[RECORDS FOR THE EXERCISE]

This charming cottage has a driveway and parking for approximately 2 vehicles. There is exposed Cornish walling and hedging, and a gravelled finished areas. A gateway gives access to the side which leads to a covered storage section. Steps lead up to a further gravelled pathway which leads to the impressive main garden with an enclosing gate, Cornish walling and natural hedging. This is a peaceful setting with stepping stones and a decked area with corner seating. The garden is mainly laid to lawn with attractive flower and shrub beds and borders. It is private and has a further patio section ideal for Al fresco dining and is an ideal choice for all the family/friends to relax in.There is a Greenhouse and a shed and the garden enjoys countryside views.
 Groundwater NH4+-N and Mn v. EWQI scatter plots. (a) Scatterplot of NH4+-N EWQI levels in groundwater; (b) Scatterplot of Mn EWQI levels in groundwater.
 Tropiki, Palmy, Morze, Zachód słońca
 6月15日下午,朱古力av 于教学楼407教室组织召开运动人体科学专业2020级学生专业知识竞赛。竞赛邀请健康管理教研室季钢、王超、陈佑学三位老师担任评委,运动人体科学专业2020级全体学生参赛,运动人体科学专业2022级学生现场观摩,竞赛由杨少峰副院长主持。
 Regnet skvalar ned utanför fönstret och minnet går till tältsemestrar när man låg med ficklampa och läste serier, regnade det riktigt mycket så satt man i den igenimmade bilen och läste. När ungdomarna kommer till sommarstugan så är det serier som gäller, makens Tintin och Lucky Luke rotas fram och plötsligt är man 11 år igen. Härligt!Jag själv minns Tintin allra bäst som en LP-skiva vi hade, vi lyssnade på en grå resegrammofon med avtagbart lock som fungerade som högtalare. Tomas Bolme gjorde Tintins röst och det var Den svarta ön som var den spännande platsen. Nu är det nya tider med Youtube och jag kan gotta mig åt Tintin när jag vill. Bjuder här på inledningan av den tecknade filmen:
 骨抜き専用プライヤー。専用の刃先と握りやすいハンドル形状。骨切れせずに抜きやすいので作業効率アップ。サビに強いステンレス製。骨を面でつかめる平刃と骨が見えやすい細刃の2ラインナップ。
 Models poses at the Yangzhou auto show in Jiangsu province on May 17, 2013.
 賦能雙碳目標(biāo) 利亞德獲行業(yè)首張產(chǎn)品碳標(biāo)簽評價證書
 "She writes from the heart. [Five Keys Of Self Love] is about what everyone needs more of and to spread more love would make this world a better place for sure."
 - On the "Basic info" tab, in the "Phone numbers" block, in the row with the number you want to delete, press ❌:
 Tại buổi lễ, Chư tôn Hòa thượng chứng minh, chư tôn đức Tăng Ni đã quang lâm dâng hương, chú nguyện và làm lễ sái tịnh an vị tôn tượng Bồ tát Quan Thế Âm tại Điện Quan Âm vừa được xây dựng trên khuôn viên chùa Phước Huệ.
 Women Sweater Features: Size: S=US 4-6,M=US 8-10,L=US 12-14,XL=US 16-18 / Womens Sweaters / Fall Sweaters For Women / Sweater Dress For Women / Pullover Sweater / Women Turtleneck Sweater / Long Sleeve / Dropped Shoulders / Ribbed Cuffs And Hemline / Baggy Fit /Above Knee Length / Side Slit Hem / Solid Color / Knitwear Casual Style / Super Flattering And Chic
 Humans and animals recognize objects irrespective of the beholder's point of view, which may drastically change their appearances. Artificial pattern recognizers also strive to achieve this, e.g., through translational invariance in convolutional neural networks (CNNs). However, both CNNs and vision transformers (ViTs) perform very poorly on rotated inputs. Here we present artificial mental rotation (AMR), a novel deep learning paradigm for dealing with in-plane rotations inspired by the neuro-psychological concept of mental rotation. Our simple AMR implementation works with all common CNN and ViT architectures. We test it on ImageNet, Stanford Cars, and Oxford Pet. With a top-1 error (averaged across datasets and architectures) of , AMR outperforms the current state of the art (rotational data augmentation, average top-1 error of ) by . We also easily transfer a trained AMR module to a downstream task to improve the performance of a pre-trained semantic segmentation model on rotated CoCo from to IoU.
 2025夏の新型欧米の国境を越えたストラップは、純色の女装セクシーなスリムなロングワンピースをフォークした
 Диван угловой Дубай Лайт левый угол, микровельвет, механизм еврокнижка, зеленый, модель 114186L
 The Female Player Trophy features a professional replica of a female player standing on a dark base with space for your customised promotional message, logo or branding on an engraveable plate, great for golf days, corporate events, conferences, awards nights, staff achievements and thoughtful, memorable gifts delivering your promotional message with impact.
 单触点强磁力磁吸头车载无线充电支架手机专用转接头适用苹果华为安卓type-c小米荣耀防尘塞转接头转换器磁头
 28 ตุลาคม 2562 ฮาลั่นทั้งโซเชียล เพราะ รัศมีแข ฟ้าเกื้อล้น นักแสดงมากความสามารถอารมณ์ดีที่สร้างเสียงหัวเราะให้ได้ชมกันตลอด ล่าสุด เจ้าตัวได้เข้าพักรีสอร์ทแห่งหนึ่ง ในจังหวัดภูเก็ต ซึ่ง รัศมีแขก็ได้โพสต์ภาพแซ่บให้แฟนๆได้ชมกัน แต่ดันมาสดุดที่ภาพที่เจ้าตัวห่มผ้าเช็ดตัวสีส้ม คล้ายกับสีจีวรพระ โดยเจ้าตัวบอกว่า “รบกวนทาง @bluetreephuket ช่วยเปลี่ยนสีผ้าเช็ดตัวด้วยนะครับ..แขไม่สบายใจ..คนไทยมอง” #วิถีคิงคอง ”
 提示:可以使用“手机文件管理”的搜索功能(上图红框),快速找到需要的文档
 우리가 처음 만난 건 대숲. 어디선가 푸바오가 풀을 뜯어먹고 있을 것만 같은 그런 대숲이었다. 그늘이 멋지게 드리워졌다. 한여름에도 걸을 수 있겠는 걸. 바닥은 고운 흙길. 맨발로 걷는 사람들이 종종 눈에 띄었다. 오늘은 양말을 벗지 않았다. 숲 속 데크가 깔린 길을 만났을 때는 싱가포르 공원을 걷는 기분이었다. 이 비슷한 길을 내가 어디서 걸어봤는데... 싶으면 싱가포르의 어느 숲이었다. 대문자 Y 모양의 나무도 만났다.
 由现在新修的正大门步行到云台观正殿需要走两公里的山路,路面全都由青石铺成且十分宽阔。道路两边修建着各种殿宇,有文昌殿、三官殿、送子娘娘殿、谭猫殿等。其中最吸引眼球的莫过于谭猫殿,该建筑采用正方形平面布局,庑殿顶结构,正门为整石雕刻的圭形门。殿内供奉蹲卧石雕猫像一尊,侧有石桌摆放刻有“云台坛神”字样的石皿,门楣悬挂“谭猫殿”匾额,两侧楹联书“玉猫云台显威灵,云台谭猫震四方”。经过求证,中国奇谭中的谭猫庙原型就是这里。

[/RECORDS FOR THE EXERCISE]

**WHAT YOU WILL DO**
Please repeat the whole listing above, keeping every line exactly as it reads.

**EXERCISE SOLUTION**
This charming cottage has a driveway and parking for approximately 2 vehicles. There is exposed Cornish walling and hedging, and a gravelled finished areas. A gateway gives access to the side which leads to a covered storage section. Steps lead up to a further gravelled pathway which leads to the impressive main garden with an enclosing gate, Cornish walling and natural hedging. This is a peaceful setting with stepping stones and a decked area with corner seating. The garden is mainly laid to lawn with attractive flower and shrub beds and borders. It is private and has a further patio section ideal for Al fresco dining and is an ideal choice for all the family/friends to relax in.There is a Greenhouse and a shed and the garden enjoys countryside views.
 Groundwater NH4+-N and Mn v. EWQI scatter plots. (a) Scatterplot of NH4+-N EWQI levels in groundwater; (b) Scatterplot of Mn EWQI levels in groundwater.
 Tropiki, Palmy, Morze, Zachód słońca
 6月15日下午,朱古力av 于教学楼407教室组织召开运动人体科学专业2020级学生专业知识竞赛。竞赛邀请健康管理教研室季钢、王超、陈佑学三位老师担任评委,运动人体科学专业2020级全体学生参赛,运动人体科学专业2022级学生现场观摩,竞赛由杨少峰副院长主持。
 Regnet skvalar ned utanför fönstret och minnet går till tältsemestrar när man låg med ficklampa och läste serier, regnade det riktigt mycket så satt man i den igenimmade bilen och läste. När ungdomarna kommer till sommarstugan så är det serier som gäller, makens Tintin och Lucky Luke rotas fram och plötsligt är man 11 år igen. Härligt!Jag själv minns Tintin allra bäst som en LP-skiva vi hade, vi lyssnade på en grå resegrammofon med avtagbart lock som fungerade som högtalare. Tomas Bolme gjorde Tintins röst och det var Den svarta ön som var den spännande platsen. Nu är det nya tider med Youtube och jag kan gotta mig åt Tintin när jag vill. Bjuder här på inledningan av den tecknade filmen:
 骨抜き専用プライヤー。専用の刃先と握りやすいハンドル形状。骨切れせずに抜きやすいので作業効率アップ。サビに強いステンレス製。骨を面でつかめる平刃と骨が見えやすい細刃の2ラインナップ。
 Models poses at the Yangzhou auto show in Jiangsu province on May 17, 2013.
 賦能雙碳目標(biāo) 利亞德獲行業(yè)首張產(chǎn)品碳標(biāo)簽評價證書
 "She writes from the heart. [Five Keys Of Self Love] is about what everyone needs more of and to spread more love would make this world a better place for sure."
 - On the "Basic info" tab, in the "Phone numbers" block, in the row with the number you want to delete, press ❌:
 Tại buổi lễ, Chư tôn Hòa thượng chứng minh, chư tôn đức Tăng Ni đã quang lâm dâng hương, chú nguyện và làm lễ sái tịnh an vị tôn tượng Bồ tát Quan Thế Âm tại Điện Quan Âm vừa được xây dựng trên khuôn viên chùa Phước Huệ.
 Women Sweater Features: Size: S=US 4-6,M=US 8-10,L=US 12-14,XL=US 16-18 / Womens Sweaters / Fall Sweaters For Women / Sweater Dress For Women / Pullover Sweater / Women Turtleneck Sweater / Long Sleeve / Dropped Shoulders / Ribbed Cuffs And Hemline / Baggy Fit /Above Knee Length / Side Slit Hem / Solid Color / Knitwear Casual Style / Super Flattering And Chic
 Humans and animals recognize objects irrespective of the beholder's point of view, which may drastically change their appearances. Artificial pattern recognizers also strive to achieve this, e.g., through translational invariance in convolutional neural networks (CNNs). However, both CNNs and vision transformers (ViTs) perform very poorly on rotated inputs. Here we present artificial mental rotation (AMR), a novel deep learning paradigm for dealing with in-plane rotations inspired by the neuro-psychological concept of mental rotation. Our simple AMR implementation works with all common CNN and ViT architectures. We test it on ImageNet, Stanford Cars, and Oxford Pet. With a top-1 error (averaged across datasets and architectures) of , AMR outperforms the current state of the art (rotational data augmentation, average top-1 error of ) by . We also easily transfer a trained AMR module to a downstream task to improve the performance of a pre-trained semantic segmentation model on rotated CoCo from to IoU.
 2025夏の新型欧米の国境を越えたストラップは、純色の女装セクシーなスリムなロングワンピースをフォークした
 Диван угловой Дубай Лайт левый угол, микровельвет, механизм еврокнижка, зеленый, модель 114186L
 The Female Player Trophy features a professional replica of a female player standing on a dark base with space for your customised promotional message, logo or branding on an engraveable plate, great for golf days, corporate events, conferences, awards nights, staff achievements and thoughtful, memorable gifts delivering your promotional message with impact.
 单触点强磁力磁吸头车载无线充电支架手机专用转接头适用苹果华为安卓type-c小米荣耀防尘塞转接头转换器磁头
 28 ตุลาคม 2562 ฮาลั่นทั้งโซเชียล เพราะ รัศมีแข ฟ้าเกื้อล้น นักแสดงมากความสามารถอารมณ์ดีที่สร้างเสียงหัวเราะให้ได้ชมกันตลอด ล่าสุด เจ้าตัวได้เข้าพักรีสอร์ทแห่งหนึ่ง ในจังหวัดภูเก็ต ซึ่ง รัศมีแขก็ได้โพสต์ภาพแซ่บให้แฟนๆได้ชมกัน แต่ดันมาสดุดที่ภาพที่เจ้าตัวห่มผ้าเช็ดตัวสีส้ม คล้ายกับสีจีวรพระ โดยเจ้าตัวบอกว่า “รบกวนทาง @bluetreephuket ช่วยเปลี่ยนสีผ้าเช็ดตัวด้วยนะครับ..แขไม่สบายใจ..คนไทยมอง” #วิถีคิงคอง ”
 提示:可以使用“手机文件管理”的搜索功能(上图红框),快速找到需要的文档
 우리가 처음 만난 건 대숲. 어디선가 푸바오가 풀을 뜯어먹고 있을 것만 같은 그런 대숲이었다. 그늘이 멋지게 드리워졌다. 한여름에도 걸을 수 있겠는 걸. 바닥은 고운 흙길. 맨발로 걷는 사람들이 종종 눈에 띄었다. 오늘은 양말을 벗지 않았다. 숲 속 데크가 깔린 길을 만났을 때는 싱가포르 공원을 걷는 기분이었다. 이 비슷한 길을 내가 어디서 걸어봤는데... 싶으면 싱가포르의 어느 숲이었다. 대문자 Y 모양의 나무도 만났다.
 由现在新修的正大门步行到云台观正殿需要走两公里的山路,路面全都由青石铺成且十分宽阔。道路两边修建着各种殿宇,有文昌殿、三官殿、送子娘娘殿、谭猫殿等。其中最吸引眼球的莫过于谭猫殿,该建筑采用正方形平面布局,庑殿顶结构,正门为整石雕刻的圭形门。殿内供奉蹲卧石雕猫像一尊,侧有石桌摆放刻有“云台坛神”字样的石皿,门楣悬挂“谭猫殿”匾额,两侧楹联书“玉猫云台显威灵,云台谭猫震四方”。经过求证,中国奇谭中的谭猫庙原型就是这里。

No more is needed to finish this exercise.